O cuidado de gente e da natureza pode ser o grande mote para construir hegemonia democrática ecossocial transformadora. Afinal, toda a mídia dominante e o que a tal bancada ruralista ignora é que o MST, nas terras já conquistadas pela tímida Reforma Agrária até aqui, pratica uma agricultura viável de cuidado, de produção de comida boa, saudável, para gente, em bases agroecológicas. Basta ir aos armazéns do MST para ver o que isto significa. Mas para quem duvida, lembro aqui que o IRGA – Instituto do Arroz do Rio Grande do Sul – atesta: o MST é  o maior produtor de arroz orgânico da América Latina.
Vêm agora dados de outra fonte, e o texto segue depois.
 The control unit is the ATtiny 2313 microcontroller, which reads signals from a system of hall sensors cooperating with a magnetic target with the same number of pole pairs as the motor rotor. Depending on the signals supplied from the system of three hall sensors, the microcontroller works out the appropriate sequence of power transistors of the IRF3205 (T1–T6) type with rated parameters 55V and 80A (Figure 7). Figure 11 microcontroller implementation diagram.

A bandeira da reforma agrária tem o potencial de congregar os sem terra com os camponeses de subsistência da agricultura familiar, as redes agroecológicas, os povos indígenas,  quilombolas, coletores de produtos das florestas, pescadores ribeirinhos. E junto com eles todos os amplos setores engajados nas lutas por direitos iguais na sociedade como um todo. É uma complexa e orgânica agenda no enfrentamento da fome, da miséria, do racismo e patriarcalismo, das injustiças e destruições ecossociais e da mudança climática.
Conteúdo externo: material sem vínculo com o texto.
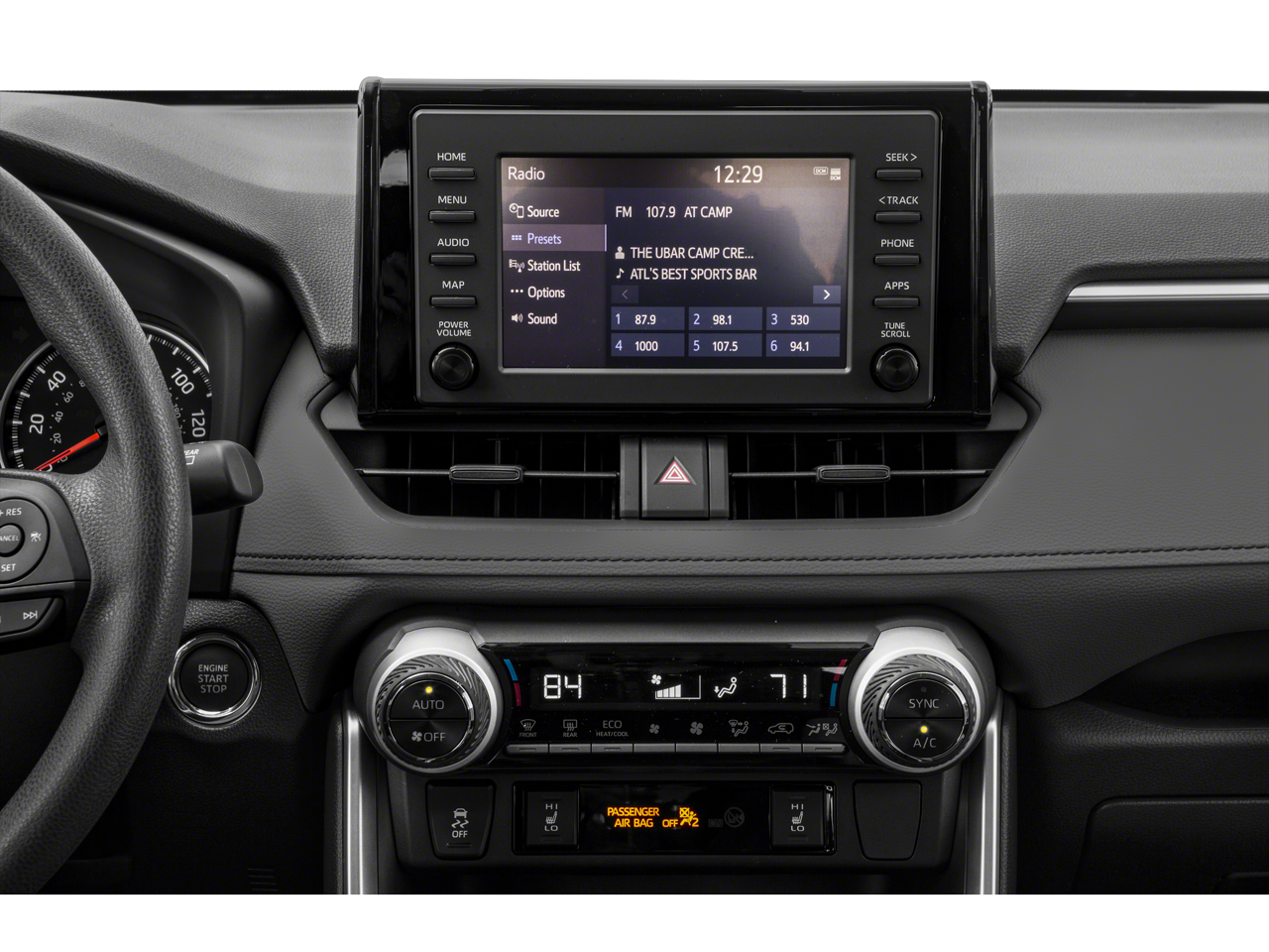 - Radio w/Seek-Scan, Clock, Speed Compensated Volume Control, Steering Wheel Controls, Voice Activation and Radio Data System

Para concluir, quando falamos em cuidar de gente e da natureza parece que só estamos tocando no emergencial. “Fome tem pressa”, dizia Betinho 30 anos atrás. Por isto, queremos, sim, que as emergências sejam imediatamente enfrentadas em nome do cuidado com gente e a natureza. Elas são politicamente as feridas abertas e sangrando na própria democracia, que precisam ser estancadas o quanto antes. Mas, como cidadanias ativas  por democracia transformadora queremos, pela voz e ação do MST e de todas as frentes de luta dos povos das florestas, campos e águas, que as ações emergenciais sejam sementes de transformações democráticas ecossociais sustentáveis nas estruturas causadoras da miséria e fome,  das injustiças de todo tipo e das ameaças à integridade dos territórios em que vivemos. A ação desencadeada junto ao povo e território Yanomami é um exemplo do que precisamos em todo o país.  
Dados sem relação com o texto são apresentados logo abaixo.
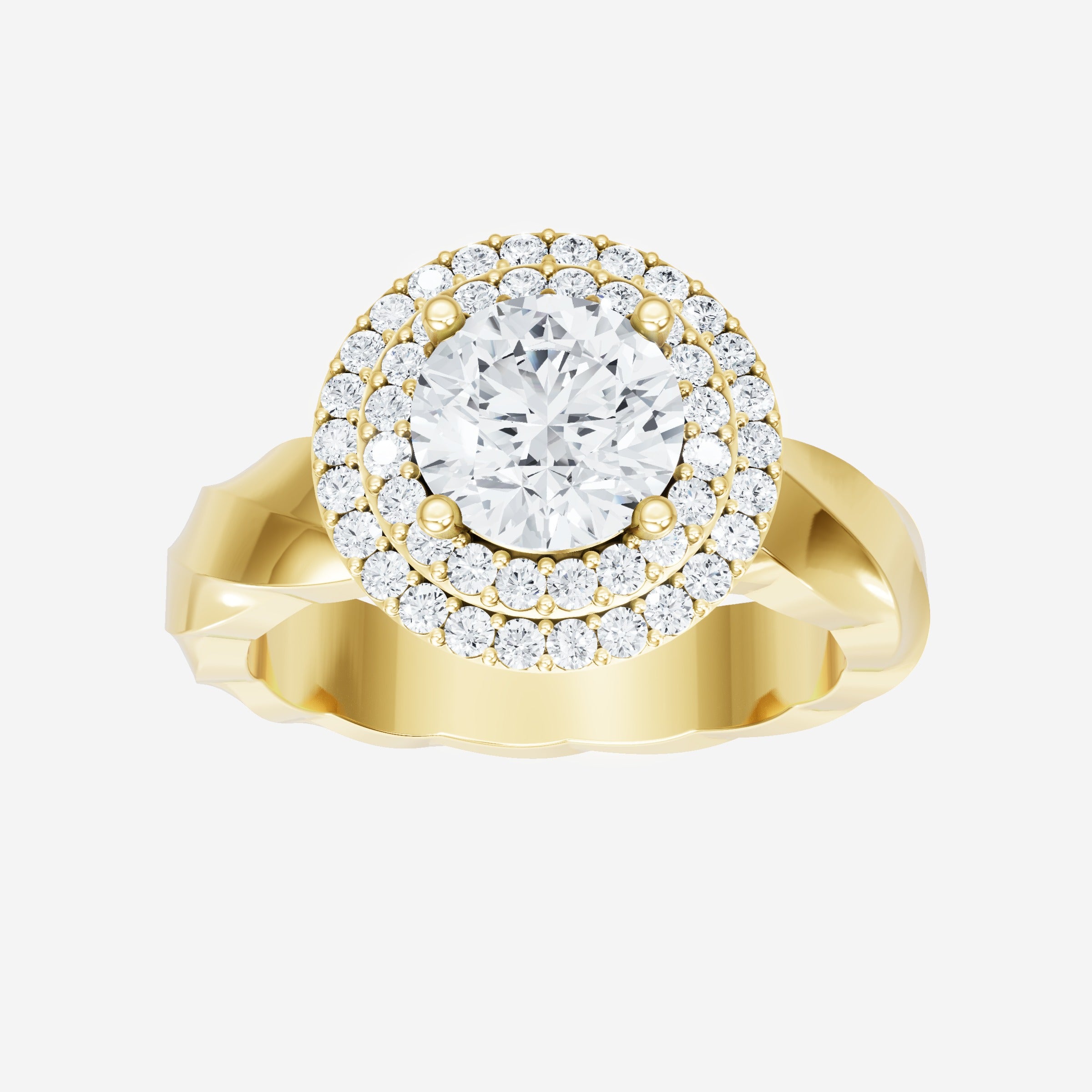 You’ve designed a ring that reflects lasting elegance and grace! Crafted from 14k Yellow Gold, this exquisite Round lab-grown diamond is the centerpiece of this unique design. This Twisted Shank with a Double Halo head showcases the brilliance of the Round diamond, creating a timeless look. This ring will become a cherished reminder of life's most treasured moments.

Está é a potente mensagem do MST com seu Abril Vermelho. Sem uma reforma agrária ampla, a sociedade vai continuar sangrando e sofrendo. Já é tempo de dar um basta! O bem viver de todas e todos precisa ser a regra da democracia e não a exceção.

Foto: Mariana Castro. Laurindo da Silva, um dos sobreviventes do Massacre de Carajás. 

Artigo publicado originalmente em https://sentidoserumos.blogspot.com


[1] Só lembrando: em artigo de 2020, Ricardo Westin aponta que  as propriedades de 2 mil ou mais hectares eram somente 0,70% do total, mas controlavam 50% das terras. Na outra ponta, as propriedades de menos de 25 hectares  eram 60% do total e juntas controlavam em torno de 5% das terras.  Westin, R. “Há 170 anos , Lei de Terras oficializou a opção do Brasil pelos latifúndios”. Senado Federal – Arquivos. Publicado em 20/09/2020.